# Task requirements
Look below for the line that has "根據《廣州市番禺區個體私營企". Set down the lines from there through the line that has "Printers Mews Never", exactly as written.

# Data for analysis

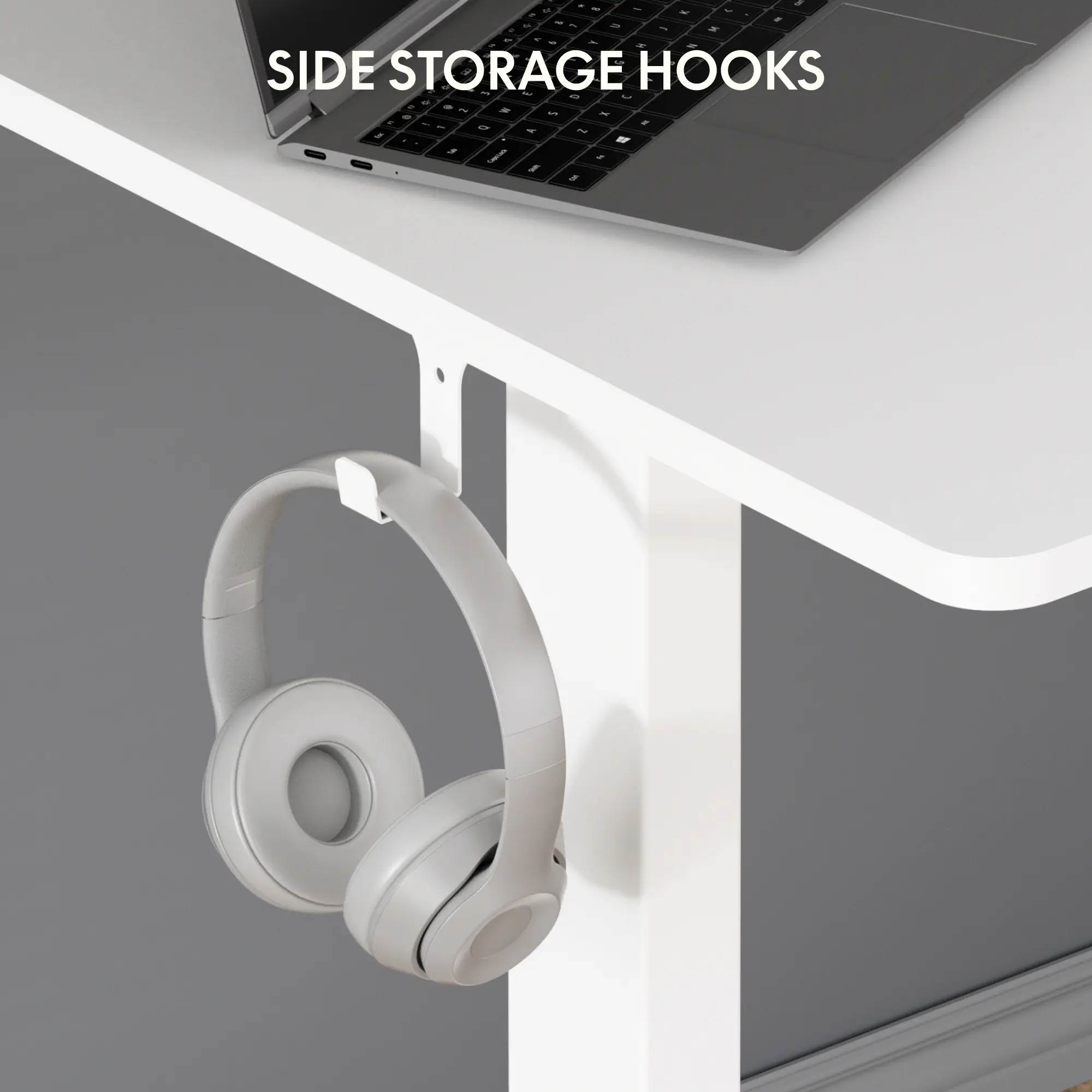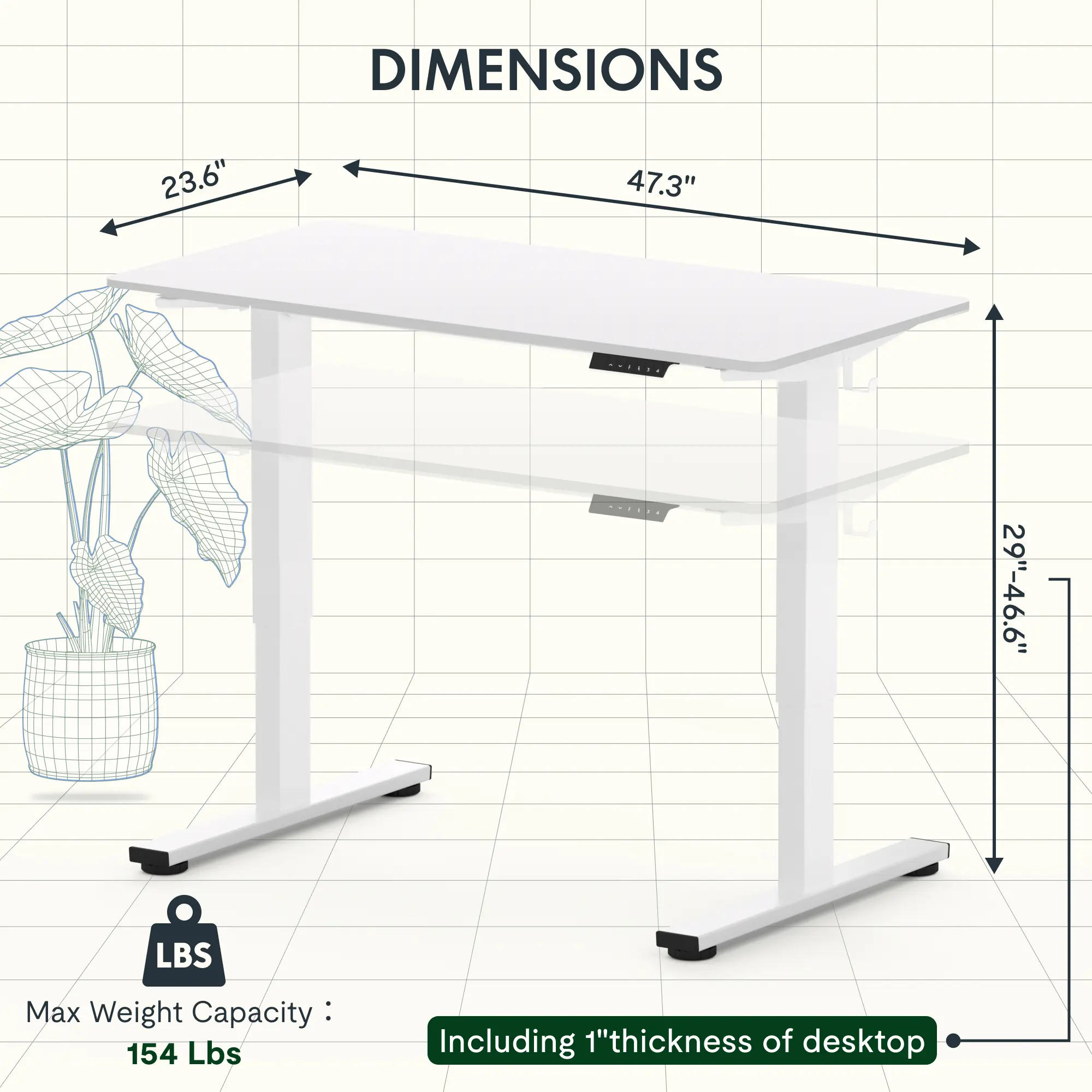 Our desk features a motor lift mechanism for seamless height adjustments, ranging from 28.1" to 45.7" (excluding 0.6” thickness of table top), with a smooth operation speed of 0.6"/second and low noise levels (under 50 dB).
==
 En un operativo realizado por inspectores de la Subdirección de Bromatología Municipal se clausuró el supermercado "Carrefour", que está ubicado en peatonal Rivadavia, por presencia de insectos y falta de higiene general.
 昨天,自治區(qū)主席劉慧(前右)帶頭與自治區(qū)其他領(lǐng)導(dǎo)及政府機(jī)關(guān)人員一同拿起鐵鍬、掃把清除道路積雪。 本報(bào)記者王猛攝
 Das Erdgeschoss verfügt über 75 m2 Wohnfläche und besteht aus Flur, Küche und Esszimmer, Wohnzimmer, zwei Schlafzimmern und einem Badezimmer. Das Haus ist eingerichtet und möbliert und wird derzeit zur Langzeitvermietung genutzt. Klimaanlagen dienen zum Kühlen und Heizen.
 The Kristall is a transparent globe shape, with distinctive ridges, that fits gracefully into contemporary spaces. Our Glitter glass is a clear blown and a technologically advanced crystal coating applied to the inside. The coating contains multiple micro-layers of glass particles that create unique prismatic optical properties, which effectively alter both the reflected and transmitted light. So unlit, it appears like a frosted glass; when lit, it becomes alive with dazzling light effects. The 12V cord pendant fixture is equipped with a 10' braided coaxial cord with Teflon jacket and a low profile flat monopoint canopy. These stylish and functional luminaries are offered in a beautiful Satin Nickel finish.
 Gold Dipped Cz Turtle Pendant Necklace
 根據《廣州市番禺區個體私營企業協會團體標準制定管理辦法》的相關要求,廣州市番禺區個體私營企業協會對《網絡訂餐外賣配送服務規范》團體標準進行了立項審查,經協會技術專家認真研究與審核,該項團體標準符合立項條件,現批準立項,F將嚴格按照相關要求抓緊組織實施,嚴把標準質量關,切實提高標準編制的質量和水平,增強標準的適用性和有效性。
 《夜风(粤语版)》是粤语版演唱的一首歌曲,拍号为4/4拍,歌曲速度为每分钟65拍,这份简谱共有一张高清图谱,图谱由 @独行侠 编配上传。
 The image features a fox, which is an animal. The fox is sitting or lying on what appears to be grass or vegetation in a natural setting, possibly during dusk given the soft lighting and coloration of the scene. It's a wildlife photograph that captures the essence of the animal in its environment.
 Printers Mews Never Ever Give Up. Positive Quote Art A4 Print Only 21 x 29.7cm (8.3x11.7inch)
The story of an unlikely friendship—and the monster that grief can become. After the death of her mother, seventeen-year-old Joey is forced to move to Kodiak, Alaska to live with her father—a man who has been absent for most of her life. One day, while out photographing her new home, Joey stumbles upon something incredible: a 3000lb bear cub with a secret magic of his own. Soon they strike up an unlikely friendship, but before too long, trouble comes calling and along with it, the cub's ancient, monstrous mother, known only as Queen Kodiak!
--
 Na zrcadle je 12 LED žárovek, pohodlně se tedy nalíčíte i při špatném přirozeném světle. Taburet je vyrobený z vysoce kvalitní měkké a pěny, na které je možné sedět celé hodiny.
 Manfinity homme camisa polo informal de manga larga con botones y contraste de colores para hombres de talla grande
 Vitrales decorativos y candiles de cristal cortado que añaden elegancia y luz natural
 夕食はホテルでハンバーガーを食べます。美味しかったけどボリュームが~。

# Solution to this exercise
 根據《廣州市番禺區個體私營企業協會團體標準制定管理辦法》的相關要求,廣州市番禺區個體私營企業協會對《網絡訂餐外賣配送服務規范》團體標準進行了立項審查,經協會技術專家認真研究與審核,該項團體標準符合立項條件,現批準立項,F將嚴格按照相關要求抓緊組織實施,嚴把標準質量關,切實提高標準編制的質量和水平,增強標準的適用性和有效性。
 《夜风(粤语版)》是粤语版演唱的一首歌曲,拍号为4/4拍,歌曲速度为每分钟65拍,这份简谱共有一张高清图谱,图谱由 @独行侠 编配上传。
 The image features a fox, which is an animal. The fox is sitting or lying on what appears to be grass or vegetation in a natural setting, possibly during dusk given the soft lighting and coloration of the scene. It's a wildlife photograph that captures the essence of the animal in its environment.
 Printers Mews Never Ever Give Up. Positive Quote Art A4 Print Only 21 x 29.7cm (8.3x11.7inch)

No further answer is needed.